EXERCISE DATA START

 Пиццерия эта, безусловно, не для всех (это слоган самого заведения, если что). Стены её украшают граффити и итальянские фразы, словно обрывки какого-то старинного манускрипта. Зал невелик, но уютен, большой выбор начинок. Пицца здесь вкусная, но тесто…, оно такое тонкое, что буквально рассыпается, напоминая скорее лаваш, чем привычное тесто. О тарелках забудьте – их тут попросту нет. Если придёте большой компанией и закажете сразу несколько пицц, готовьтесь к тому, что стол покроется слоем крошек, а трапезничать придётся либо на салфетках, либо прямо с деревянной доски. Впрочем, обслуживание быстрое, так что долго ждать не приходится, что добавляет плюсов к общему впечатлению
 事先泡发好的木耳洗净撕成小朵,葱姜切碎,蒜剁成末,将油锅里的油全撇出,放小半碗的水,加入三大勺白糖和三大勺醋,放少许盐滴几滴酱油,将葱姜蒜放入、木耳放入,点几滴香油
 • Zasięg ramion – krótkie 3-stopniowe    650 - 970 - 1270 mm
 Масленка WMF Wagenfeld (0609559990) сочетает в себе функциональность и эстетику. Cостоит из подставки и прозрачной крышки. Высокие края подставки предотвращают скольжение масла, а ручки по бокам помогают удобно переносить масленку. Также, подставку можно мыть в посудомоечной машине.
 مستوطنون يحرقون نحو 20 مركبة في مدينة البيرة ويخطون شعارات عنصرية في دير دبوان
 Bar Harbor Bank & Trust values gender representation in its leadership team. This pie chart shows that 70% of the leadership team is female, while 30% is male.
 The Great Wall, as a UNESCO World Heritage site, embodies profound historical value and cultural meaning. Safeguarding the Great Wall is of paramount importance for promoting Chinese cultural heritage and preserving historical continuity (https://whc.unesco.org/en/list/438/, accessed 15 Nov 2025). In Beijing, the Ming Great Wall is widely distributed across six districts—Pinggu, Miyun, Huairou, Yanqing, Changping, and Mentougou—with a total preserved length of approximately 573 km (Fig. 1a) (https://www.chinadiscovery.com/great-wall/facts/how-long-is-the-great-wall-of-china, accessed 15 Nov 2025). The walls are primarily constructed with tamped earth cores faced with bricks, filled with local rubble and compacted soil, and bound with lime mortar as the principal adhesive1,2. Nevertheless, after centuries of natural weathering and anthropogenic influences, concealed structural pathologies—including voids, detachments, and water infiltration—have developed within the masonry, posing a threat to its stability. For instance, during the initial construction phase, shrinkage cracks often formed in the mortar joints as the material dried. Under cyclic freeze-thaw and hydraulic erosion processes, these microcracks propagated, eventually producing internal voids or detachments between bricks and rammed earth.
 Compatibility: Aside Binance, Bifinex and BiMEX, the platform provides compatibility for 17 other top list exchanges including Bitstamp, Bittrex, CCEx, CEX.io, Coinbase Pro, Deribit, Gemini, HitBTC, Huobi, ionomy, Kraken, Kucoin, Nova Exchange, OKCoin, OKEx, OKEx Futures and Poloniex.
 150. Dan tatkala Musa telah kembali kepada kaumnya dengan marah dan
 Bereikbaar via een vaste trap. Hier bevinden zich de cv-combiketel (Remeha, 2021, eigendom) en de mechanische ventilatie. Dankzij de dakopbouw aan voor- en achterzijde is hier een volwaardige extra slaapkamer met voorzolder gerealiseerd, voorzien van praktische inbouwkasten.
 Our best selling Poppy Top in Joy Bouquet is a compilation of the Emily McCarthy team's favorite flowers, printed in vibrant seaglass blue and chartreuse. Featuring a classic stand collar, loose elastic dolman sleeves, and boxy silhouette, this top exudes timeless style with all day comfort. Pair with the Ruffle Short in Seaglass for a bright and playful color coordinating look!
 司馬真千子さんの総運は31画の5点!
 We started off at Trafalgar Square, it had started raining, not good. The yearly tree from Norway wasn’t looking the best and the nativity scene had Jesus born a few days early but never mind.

EXERCISE DATA END
EXERCISE DATA START

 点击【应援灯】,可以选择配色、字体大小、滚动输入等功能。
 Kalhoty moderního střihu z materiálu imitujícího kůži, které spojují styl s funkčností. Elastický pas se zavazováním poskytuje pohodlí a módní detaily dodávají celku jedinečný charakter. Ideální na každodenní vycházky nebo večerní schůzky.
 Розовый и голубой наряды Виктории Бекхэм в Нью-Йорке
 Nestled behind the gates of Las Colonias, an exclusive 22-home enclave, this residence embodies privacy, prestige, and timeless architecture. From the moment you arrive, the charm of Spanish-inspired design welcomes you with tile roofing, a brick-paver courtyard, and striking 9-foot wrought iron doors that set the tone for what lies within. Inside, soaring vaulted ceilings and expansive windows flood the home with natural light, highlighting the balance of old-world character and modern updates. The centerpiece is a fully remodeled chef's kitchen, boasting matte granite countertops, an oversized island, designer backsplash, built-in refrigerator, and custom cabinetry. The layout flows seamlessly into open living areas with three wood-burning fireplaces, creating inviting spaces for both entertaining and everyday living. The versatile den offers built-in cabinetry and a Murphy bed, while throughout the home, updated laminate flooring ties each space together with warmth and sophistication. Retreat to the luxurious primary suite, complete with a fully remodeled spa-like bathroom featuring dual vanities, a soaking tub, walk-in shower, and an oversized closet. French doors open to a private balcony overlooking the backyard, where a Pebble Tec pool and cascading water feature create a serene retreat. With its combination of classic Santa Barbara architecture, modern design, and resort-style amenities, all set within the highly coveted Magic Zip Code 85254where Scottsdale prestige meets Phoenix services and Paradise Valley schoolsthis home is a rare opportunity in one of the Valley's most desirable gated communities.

EXERCISE DATA END

WORK REQUEST: Look above for the line with "Compatibility: Aside Binance, Bifinex"; retype exactly that line, every line after it up to the line with "150. Dan tatkala", and that line too, nothing else.

WRITTEN SOLUTION:
 Compatibility: Aside Binance, Bifinex and BiMEX, the platform provides compatibility for 17 other top list exchanges including Bitstamp, Bittrex, CCEx, CEX.io, Coinbase Pro, Deribit, Gemini, HitBTC, Huobi, ionomy, Kraken, Kucoin, Nova Exchange, OKCoin, OKEx, OKEx Futures and Poloniex.
 150. Dan tatkala Musa telah kembali kepada kaumnya dengan marah dan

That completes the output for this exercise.